Inception Labs sees several possible uses for the speed advantage. The source article names code completion tools, conversational AI applications, resource-limited environments like mobile applications, and AI agents that need fast responses.

Code completion is an especially clear fit for the claim. If a developer is waiting for the next suggestion, even a short delay can change how useful the tool feels. A model that can produce usable code-focused output faster may fit that workflow well, provided the output remains dependable.

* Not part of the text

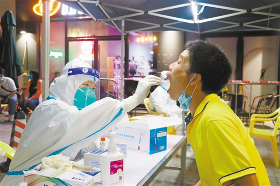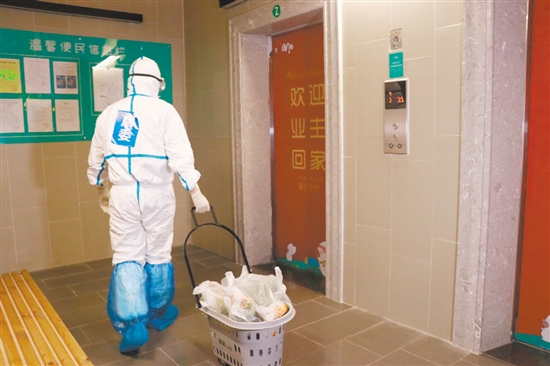 当晚7点,演练开始,公安部门第一时间对管控区域拉起了警戒线,设立卡点进行管控。封控区实行“封闭隔离、足不出户、服务上门”,管控区实行“只进不出”的管理措施。社区三人组上门将“密接人员”带下楼,交接给重点人员转运专班,由防疫专车闭环转运至集中隔离场所进行集中隔离。医护人员进入封控区为居民进行上门采样,网格员无接触将生活物资送上门,并通知居民自行开门收取。与此同时,网格员通过上门、电话等多种形式,组织管控区的住户到采样点接受核酸检测。在网格员和志愿者指引下,居民在采样点排队,井然有序地完成采样。

Conversational AI is another obvious area from the source. A system that responds faster may feel more interactive, but speed does not remove the need for accuracy. The article notes that these systems still confabulate frequently on many topics.

Resource-limited environments such as mobile applications are also part of the argument. The source does not claim that diffusion models solve every constraint, but it presents speed as a potential advantage when fast response matters.

The open questions are still important

Text diffusion models are not free of trade-offs. They typically require multiple forward passes through the network to produce a complete response, while traditional models need one pass per token. The advantage comes from processing tokens in parallel, which can still produce higher throughput despite that overhead.

Researchers are also watching whether the approach can scale. The source raises questions about whether larger diffusion models can match models like GPT-4o and Claude 3.7 Sonnet, whether they can produce reliable results without many confabulations, and whether they can handle increasingly complex simulated reasoning tasks.

The response from AI researchers has been open but cautious. Independent AI researcher Simon Willison told Ars Technica, “I love that people are experimenting with alternative architectures to transformers, it’s yet another illustration of how much of the space of LLMs we haven’t even started to explore yet.”

Former OpenAI researcher Andrej Karpathy wrote on X about Inception, “This model has the potential to be different, and possibly showcase new, unique psychology, or new strengths and weaknesses. I encourage people to try it out!”

For now, the most grounded conclusion is narrow but meaningful. Mercury Coder and LLaDA show that diffusion-based language models may offer another route for smaller AI language models, especially where speed is a priority and comparable capability can be maintained.